- What is required
Stop after the line that contains "Bitterroot 2 is". Until then, retype each line of the entries exactly from the first one, skipping pictures.

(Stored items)
★ ★ ★ ★ ★

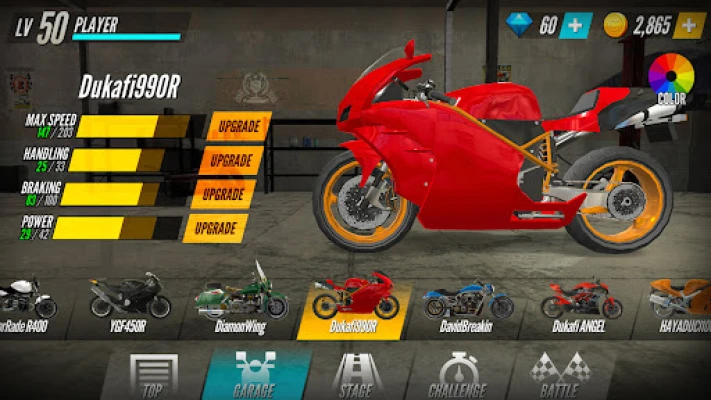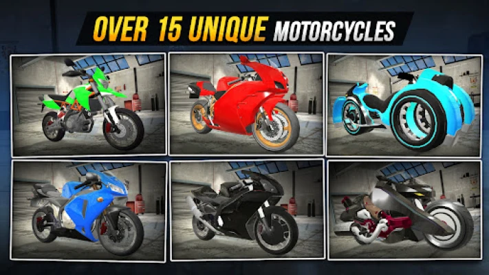 - Thu thập và tùy chỉnh nhiều loại xe mô tô như Replica, Cruiser và Big Scooter.
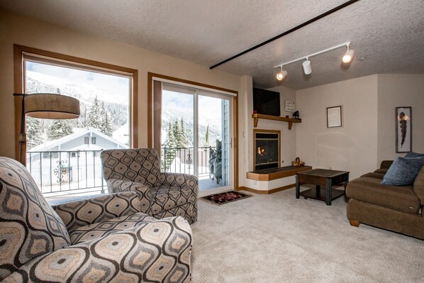 Bitterroot 2 is a great base lodge for your ski or summer Whitefish adventures. The views of Big Mountain from the living room and deck are incredible. The unit is clean and well-maintained, with the ability to sleep 5 comfortably. Cozy up by the fireplace during the winter and enjoy the views from the deck after a long day in Glacier National Park or on the slopes for Après skiing. The building has fantastic ski access just up the road, and you can easily ski back to the building. The ski locker room on the main floor will house all of your ski gear. There is an indoor shared hot tub, open only in the winter. Wifi, cable television, Mr. Coffee-style coffee maker and a dutch oven are included. The main bedroom has a comfortable queen bed and a twin bedroom just around the corner. There is a queen murphy bed in the living room with a divider that makes the space private from the living room and kitchen. You have great views from the sleeping space. **Two portable Air conditioning units were added to the condo. One for the bedroom and one for the living room **
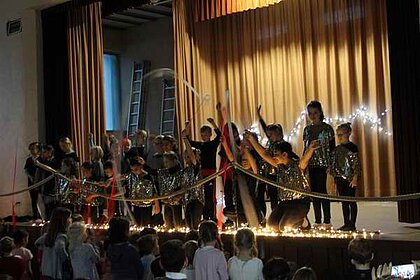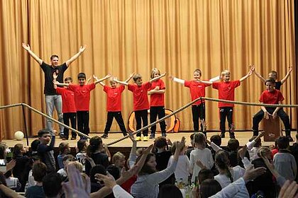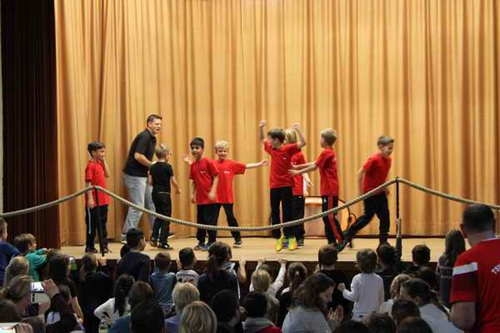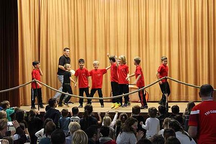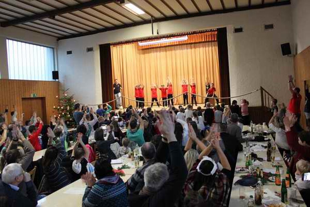 Die F-Jugend zeigte "so feiert Cleebronn". Anschließend zeigte die Jazztanzgruppe nochmals ihr können. Die E-Jugend brachte mit ihrer Darbietung "Holzfäller" viel Holz auf die Bühne. Zum Abschluss zeigten die Kinder ab der zweiten Klasse mit "Hanging Tree" ihr turnerisches Können.
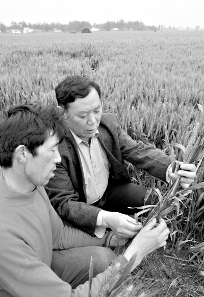 ▲5月9日,河南省驻马店市驿城区农业技术推广站技术员胡福流(右)在田间为农民指导农业生产。                          新华社记者 朱祥 摄
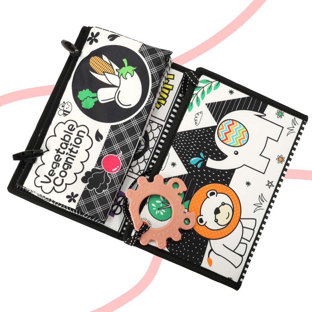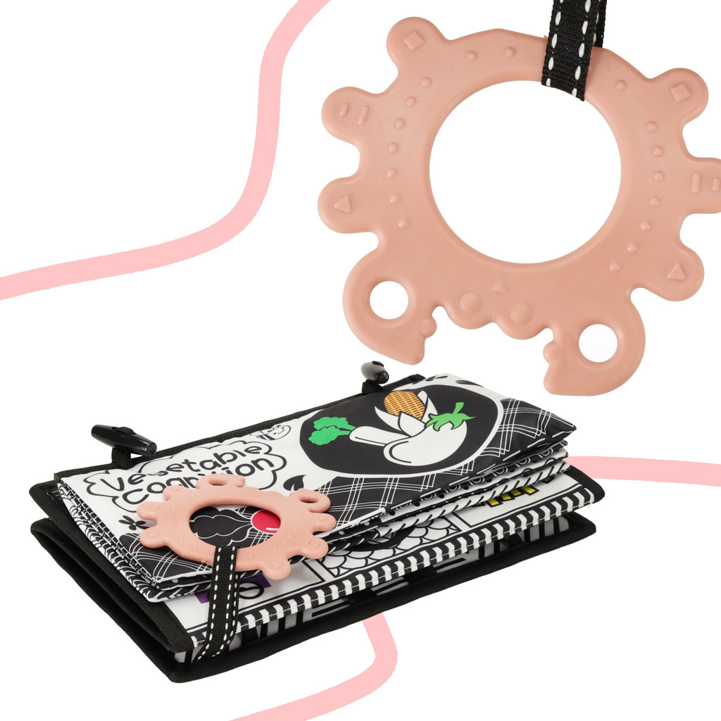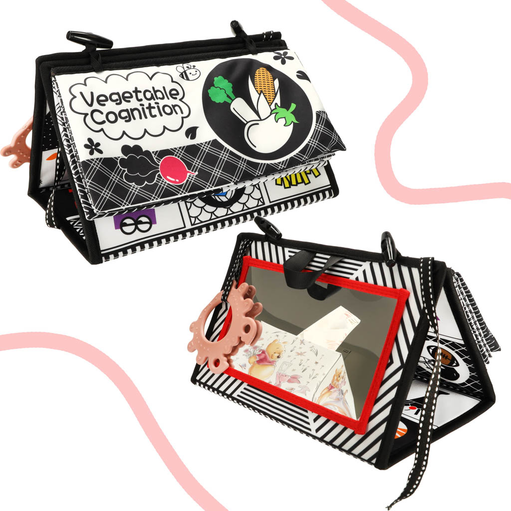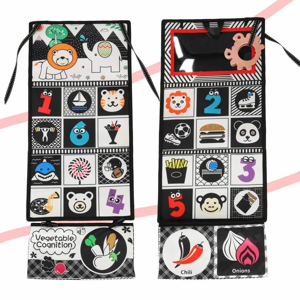 Książeczka mata sensoryczna kontrastowa do łóżeczka lusterko gryzak
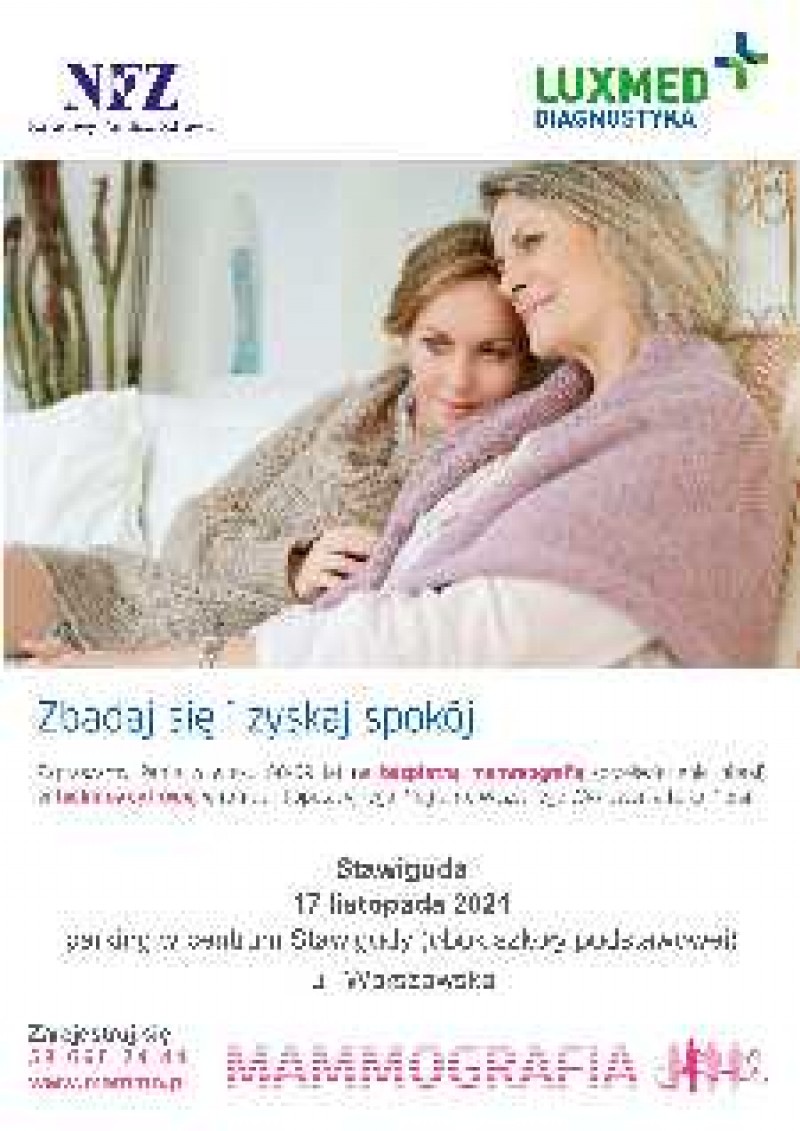 Bezpłatne badania mammograficzne - 17.11.2021 r. w Stawigudzie
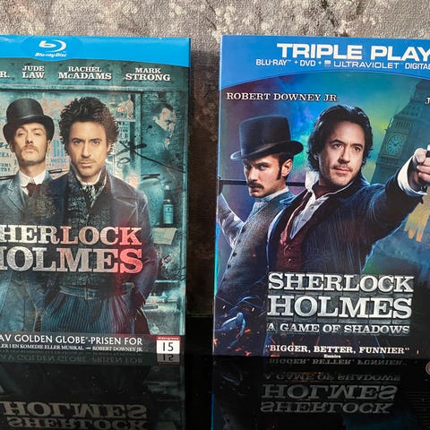 Sherlock Holmes 1 og 2 blu-rays, brukt 1 gang.
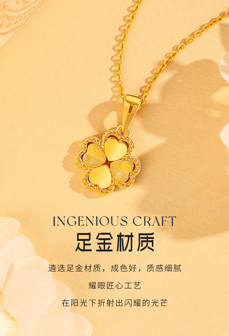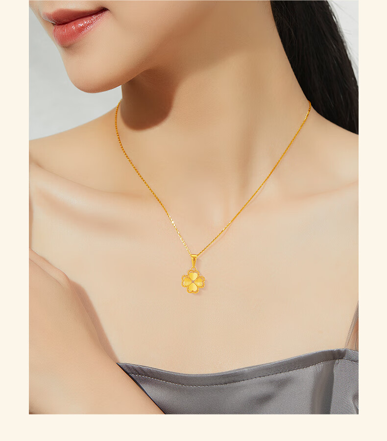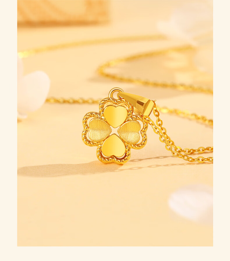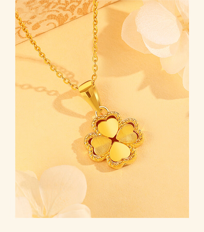 Chinese Jewelry Gold Necklace Heartbeating Four Leaf Clover Women's Pure Gold Pendant Birthday Festival Valentine's Day Gift for Girlfriend and Wife Gold Set Chain Gold Approximately 1.9-2g + Gift Box
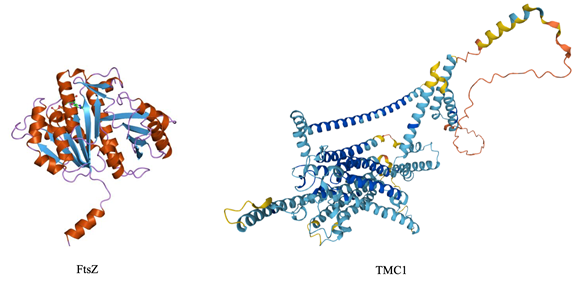 Figure 8 Secondary structure of bacterial FtsZ (cartoon representation of the molecular structure of protein registered with 1fsz code by Jawahar Swaminathan and MSD staff, https://www.ebi.ac.uk/) and human TMC1 (Ruggiero, https://www.uniprot.org/uniprotkb/Q8TDI8/entry).

★ ★ ★ ★ ★

- Result of the exercise
 - Thu thập và tùy chỉnh nhiều loại xe mô tô như Replica, Cruiser và Big Scooter.
 Bitterroot 2 is a great base lodge for your ski or summer Whitefish adventures. The views of Big Mountain from the living room and deck are incredible. The unit is clean and well-maintained, with the ability to sleep 5 comfortably. Cozy up by the fireplace during the winter and enjoy the views from the deck after a long day in Glacier National Park or on the slopes for Après skiing. The building has fantastic ski access just up the road, and you can easily ski back to the building. The ski locker room on the main floor will house all of your ski gear. There is an indoor shared hot tub, open only in the winter. Wifi, cable television, Mr. Coffee-style coffee maker and a dutch oven are included. The main bedroom has a comfortable queen bed and a twin bedroom just around the corner. There is a queen murphy bed in the living room with a divider that makes the space private from the living room and kitchen. You have great views from the sleeping space. **Two portable Air conditioning units were added to the condo. One for the bedroom and one for the living room **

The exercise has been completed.